Faraday to Edward William Brayley   11 January 1834

R Institution | 11 Jany 1834

Dear Sir

In reply to yours I send you an answer on the other side. The names I think excellent & hope they will at all events find entrance into public use[.]

Mr Conybeare1 is not aware probably of the admirable Magneto electric machines now constructed by Newman & others[.] An account of their con‑struction has never yet been published. Mr. Saxton first fitted them up in that form & ought to send you a paper & drawing2[.] I have had a continuous shock from one equal to what I have felt from a very powerful voltaic battery3[.]

Every Truly Yours | M. Faraday

E.W. Brayley Esq | &c &c &c

William Daniel Conybeare (1787-1857, DSB). Geologist. For his interest in electro-magnetism see Conybeare to Faraday, 4 April 1823, letter 191, volume 1.
This was not done until Saxton (1836).
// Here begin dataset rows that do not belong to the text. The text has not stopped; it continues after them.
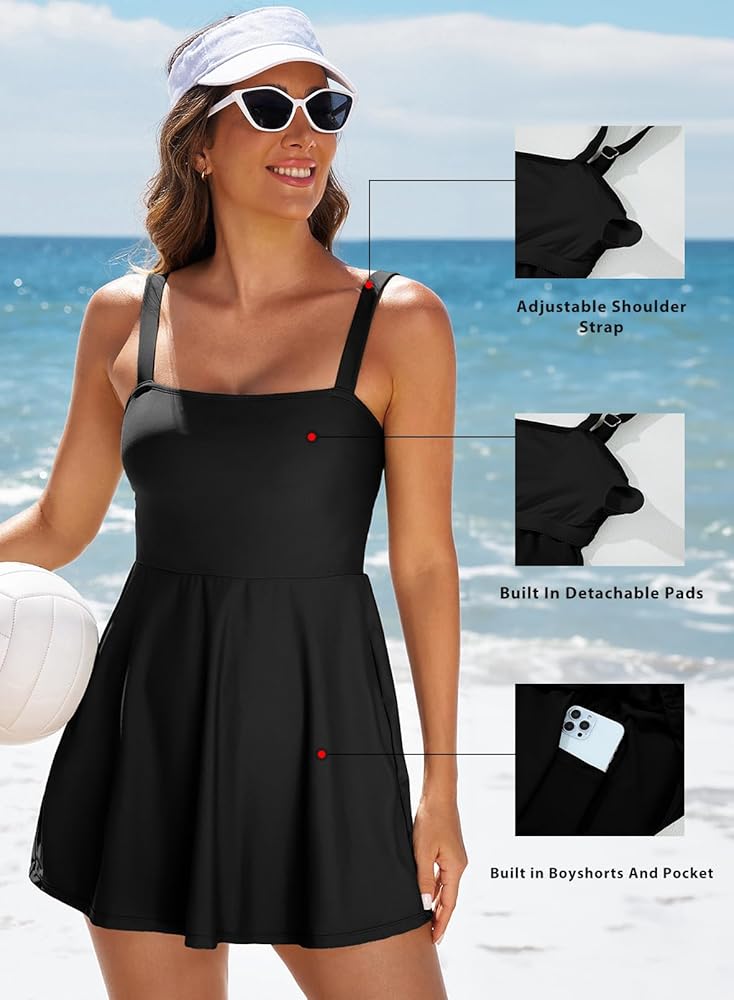 Built in Bottom with Pockets: Modest one piece swim dress is connected to shorts bottom with pockets, making it easy to carry your cards and other items, freeing up your hands
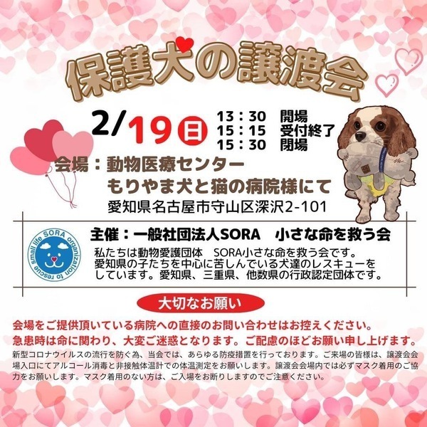 | イベント内容 | 保護犬の譲渡会を開催致します。 【注意】会場をご提供頂いている病院への直接のお問い合わせはお控えください。 急患時は命に関わり、大変ご迷惑となります。 ご配慮のほどお願い申し上げます。 もりやま犬と猫の病院さま 2階会議室 〒463-0811 名古屋市守山区深沢2-101 《ご注意》 家族希望ワンコがいる場合のお見合いに限定させていただきます。 事前のお申込みは不要です。保護活動ブログで、開催日の数日前に譲渡会参加が決定したワンコたちのご案内もしておりますので、ご希望のワンコの参加をご確認してお越し頂けますと幸いです。 なお、新型コロナウィルス感染拡大の状況におきまして、中止させていただくこともございますのでご了承下さい。 SORA公式ホームページ https://sora-chiisana.org/foster/ SORA公式活動メインブログ https://ameblo.jp/sora-chiisana-inochi/ SORAイベントブログ https://ameblo.jp/sora-charity-events/ |
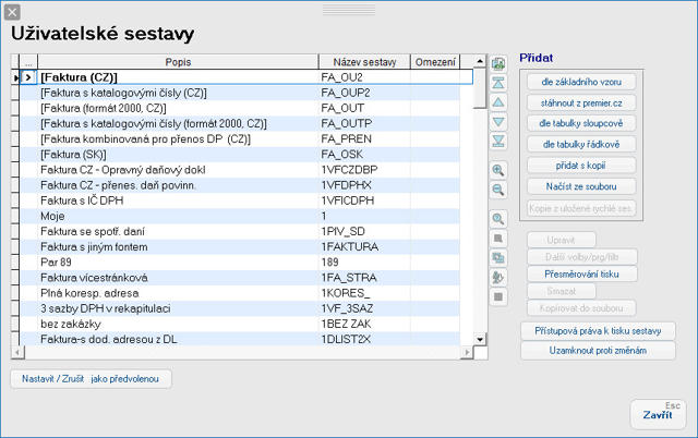 - Sestavy, pohledy – do unigridu byly předělány i seznamy tiskových sestav a pohledů.
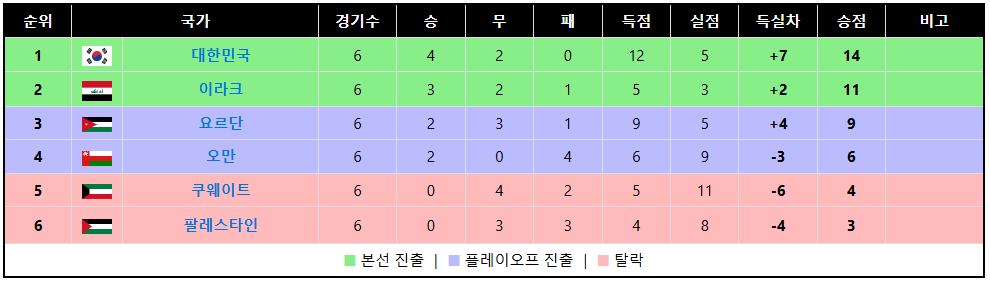 현재 대한민국은 6경기 4승 2 무로 승점 14점을 획득하며 조 1위를 달리고 있습니다. 만약 이번에 열리는 예선전 2경기를 모두 이길 경우 남은 경기에 상관없이 본선진출을 조기 확정합니다.
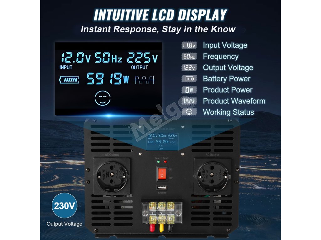 Menič čistý sínus 5000 W 12 V→230 V s lcd a usb pre auto, karavan
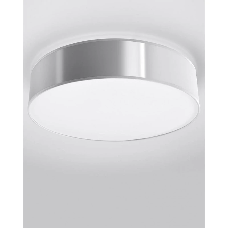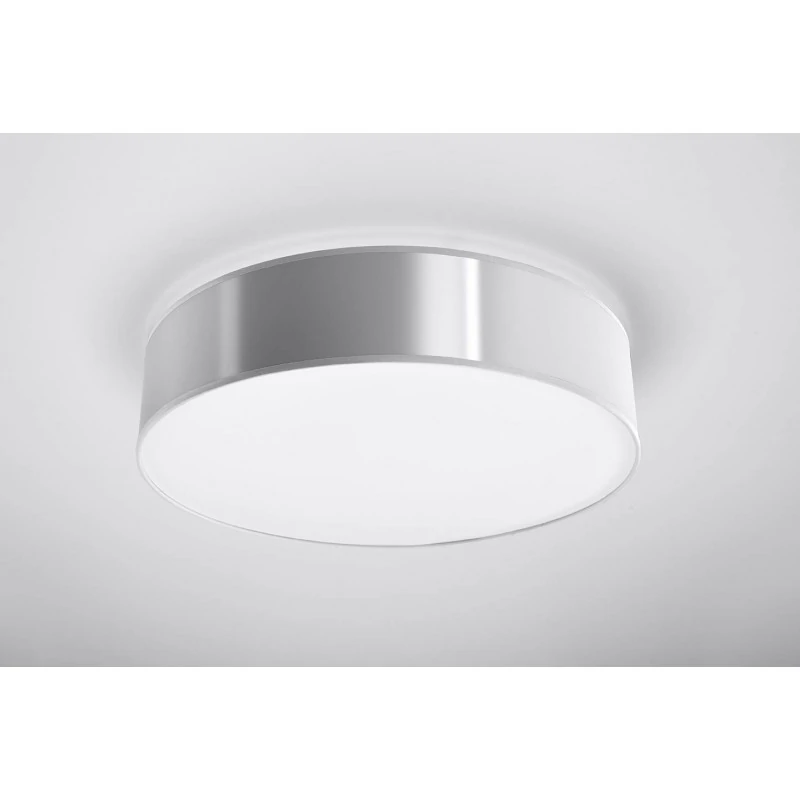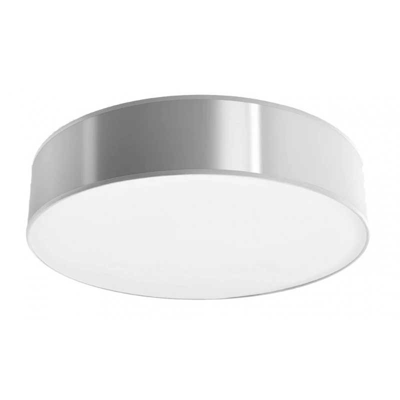 Szary plafon Arena marki Sollux lighting to subtelne oświetlenie w naszym salonie, gabinecie czy jadalni. Zawieszony w pojedynkę czy w kilka sztuk o różnych rozmiarach stworzy nam cudowną aranżację i stanie się piękną ozdobą w naszym wnętrzu. Lampa sufitowa dostępna jest w trzech wersjach kolorystycznych. Dzięki wymiennym źródłom światła o gwincie E27 dobierzemy odpowiednią do naszych oczekiwań moc i barwę światła. Pamiętajmy, że żarówki nie zostały dołączone do zestawu. Plafon, który jest łatwy w utrzymaniu czystości, to polski produkt objęty 5-letnią gwarancją producenta.
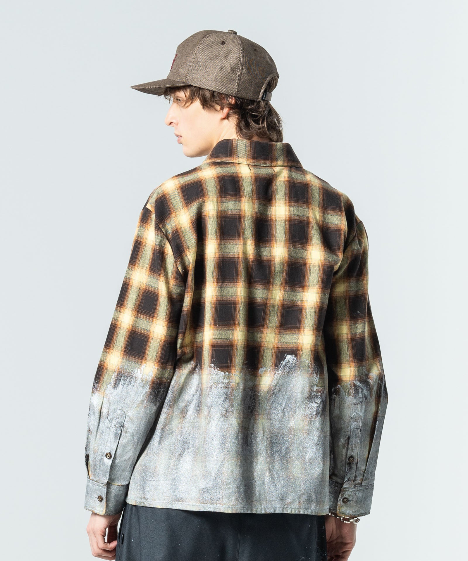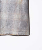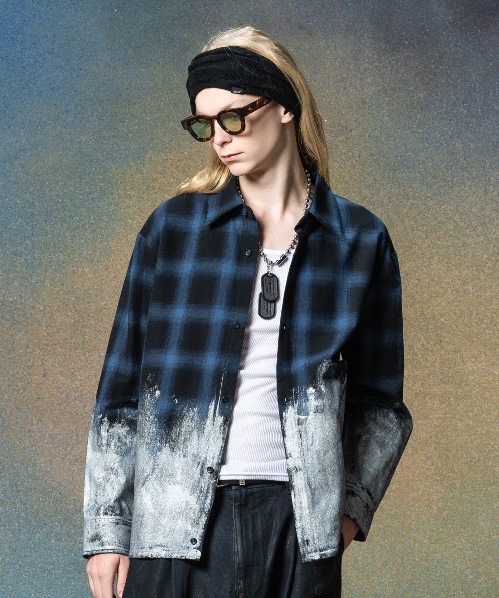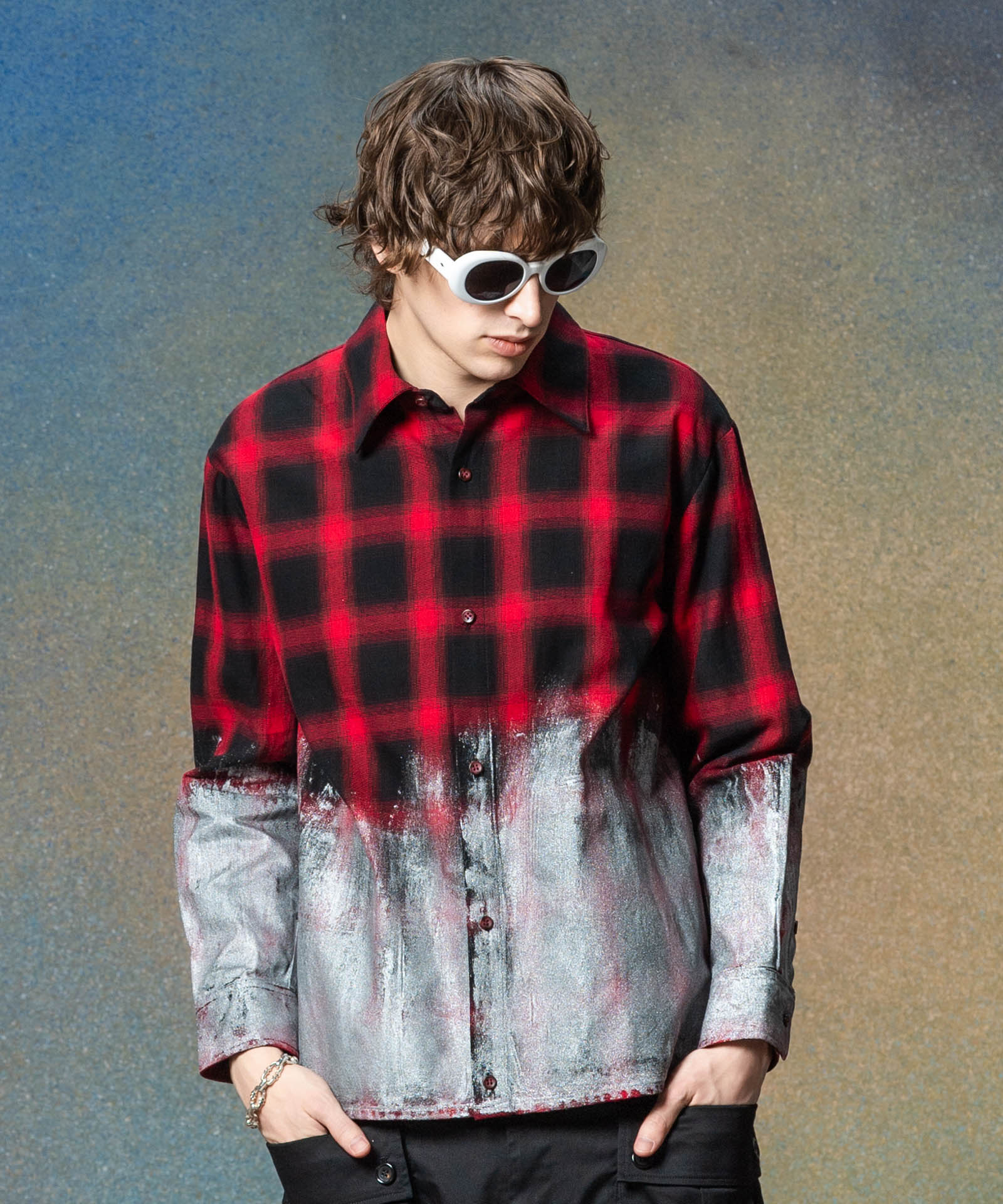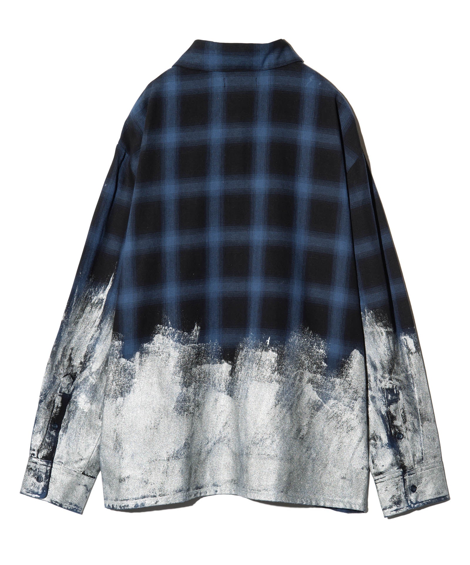 ロックからストリートまで、スタイリングを問わないマストハブであるチェックシャツにメタリックなアレンジを施したGlitter Check Shirt。テキスタイルはグランジムーヴメント時代にも多用されたオンブレーチェック生地を使用。シルエットは身幅にゆとりを持たせながら着丈は短めに設けた、オントレンドなオーバーサイズに仕立てています。本作の何よりの特徴は裾や袖口へ大胆に塗り付けられた銀箔。通常の着用はもちろん、アクセサリー感覚で腰巻きにしても存在感あるこちらの1枚がサマーコーディネートをさらに盛り上げます。

For the context of this publication see Morus (1991), 24-5.
See "National Gallery of Practical Science, Adelaide Street", Lit.Gaz., 16 November 1833, p.730 for Faraday presence on 14 November 1833 at a demonstration of Saxton's machine.

Bibliography

MORUS, Iwan R. (1991): “Telegraphy and the Technology of Display: The Electricians and Samuel Morse”, Hist. Tech., 13: 20-40.

SAXTON, Joseph (1836): “On his Magneto-electrical Machine; with Remarks on Mr. E.M. Clarke's Paper in the preceding number”, Phil. Mag., 9: 360-5.